The present paper is divided into two parts. The first part focuses on the role of Clostridioides difficile in the accumulation of genes associated with antimicrobial resistance and then the transmission of them to other pathogenic bacteria occupying the same human intestinal niche. The second part describes an in silico analysis of the genomes of C. difficile available in GenBank, with regard to the presence of mobile genetic elements and antimicrobial resistance genes. The diversity of the C. difficile genome is discussed, and the current status of resistance of the organisms to various antimicrobial agents is reviewed.

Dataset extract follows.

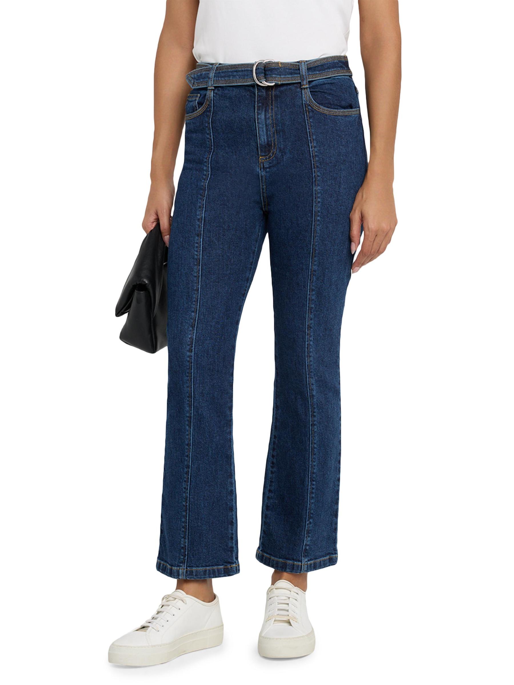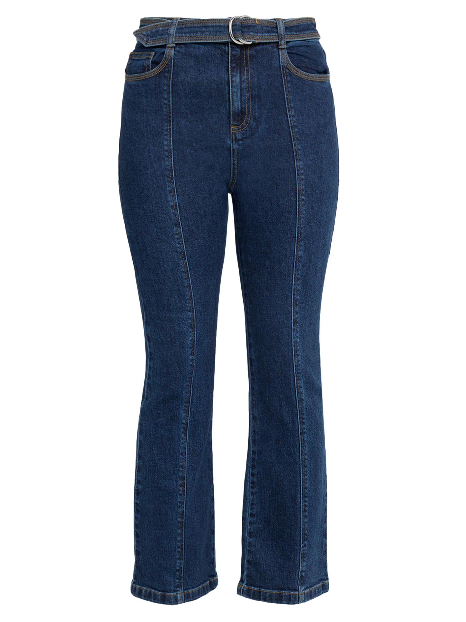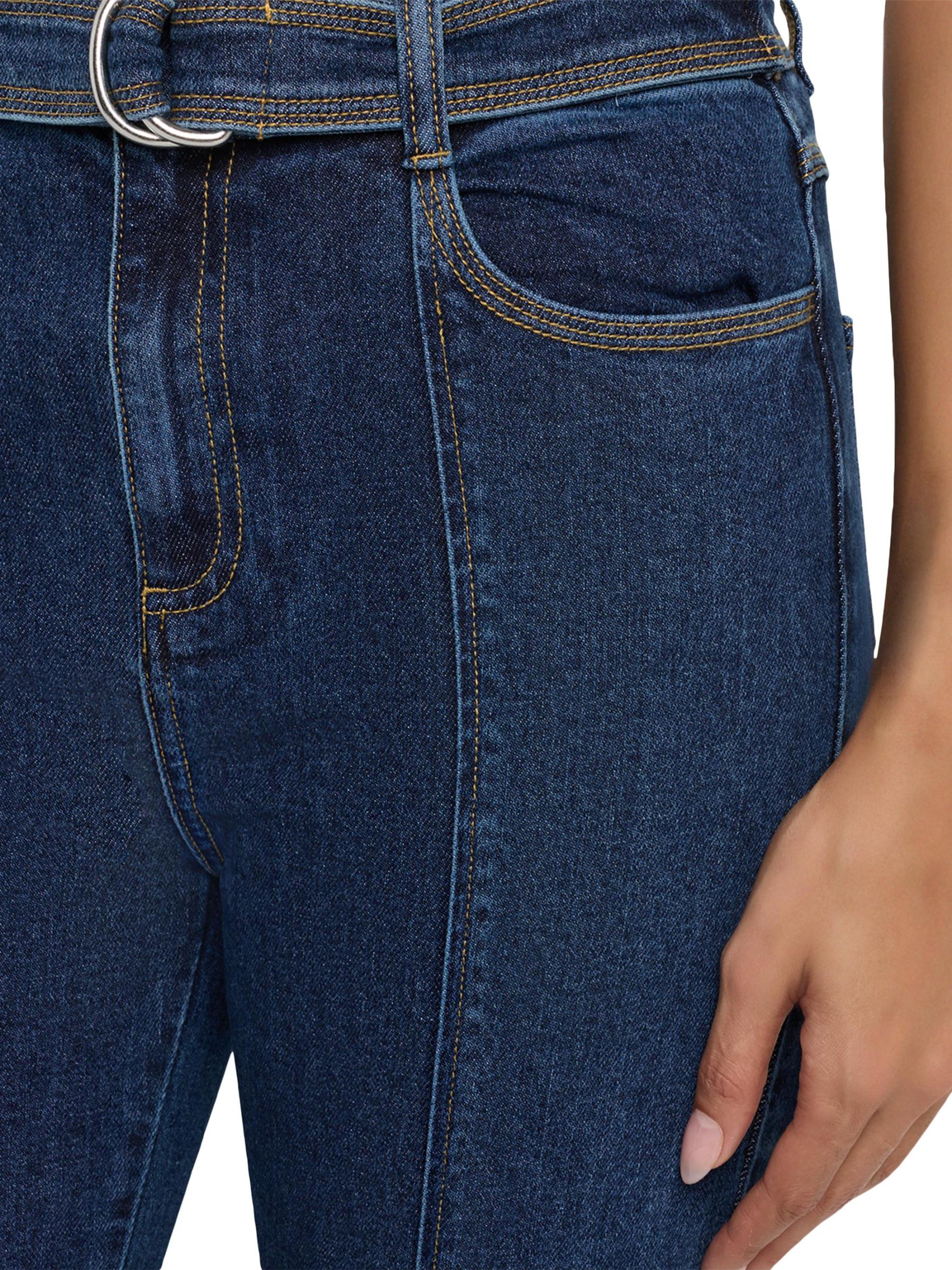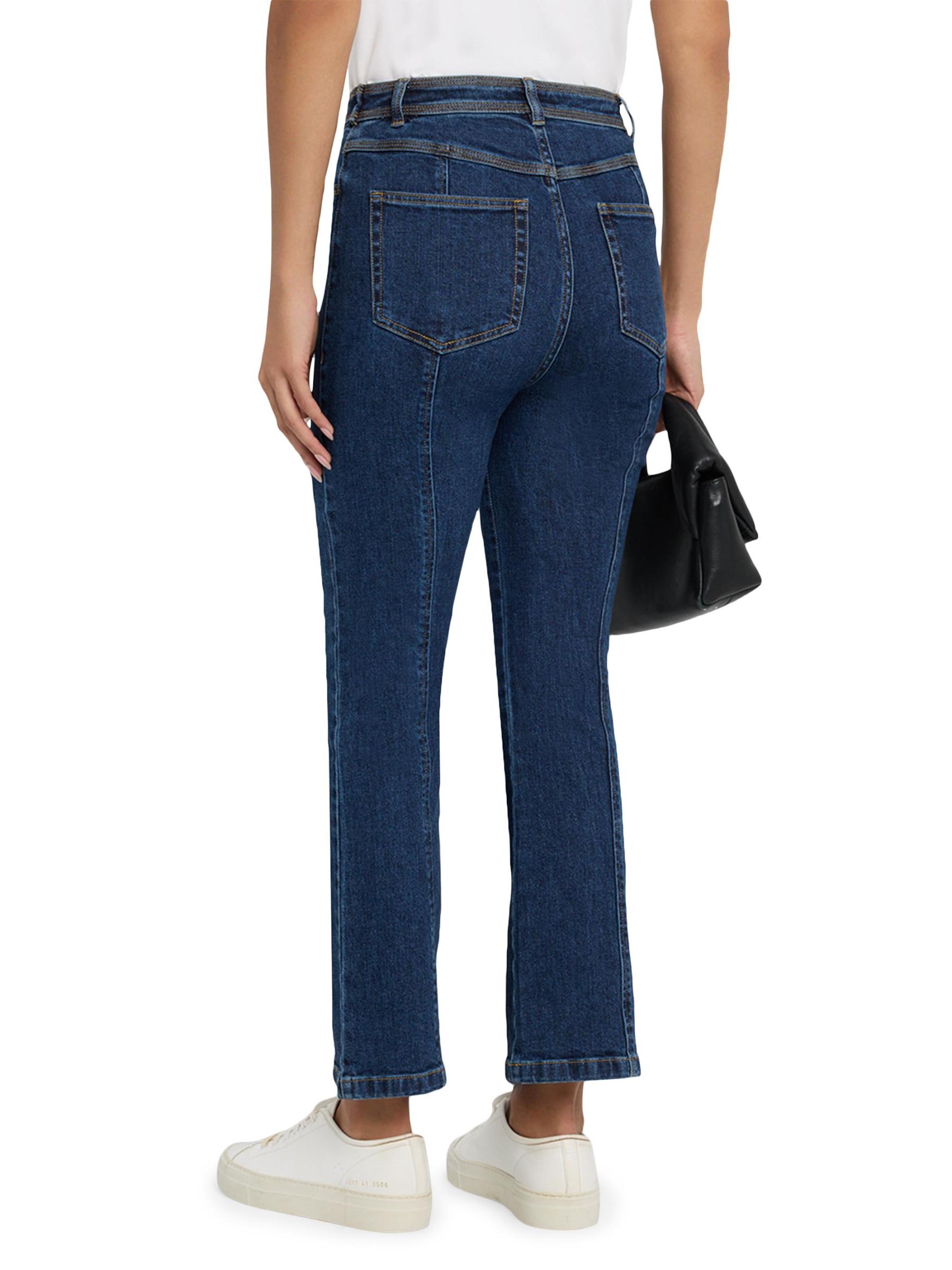يتميز بنطال جينز Madi هذا من Cinq á Sept، المصنوع من القطن المرن، بتصميم بخمسة جيوب، وحزام على شكل حرف D متصل، وحافة مضيئة رقيقة.

The role of transposons associated with antimicrobial resistance is appraised; the importance of plasmids associated with antimicrobial resistance is discussed, and the significance of bacteriophages as a potential shuttle for antimicrobial resistance genes is presented. In the in silico study, 1101 C. difficile genomes were found to harbor mobile genetic elements; Tn6009, Tn6105, CTn7 and Tn6192, Tn6194 and IS256 were the ones more frequently identified. The genes most commonly harbored therein were: ermB, blaCDD, vanT, vanR, vanG and vanS. Tn6194 was likely associated with resistance to erythromycin, Tn6192 and CTn7 with resistance to the β-lactams and vancomycin, IS256 with resistance to aminoglycoside and Tn6105 to vancomycin.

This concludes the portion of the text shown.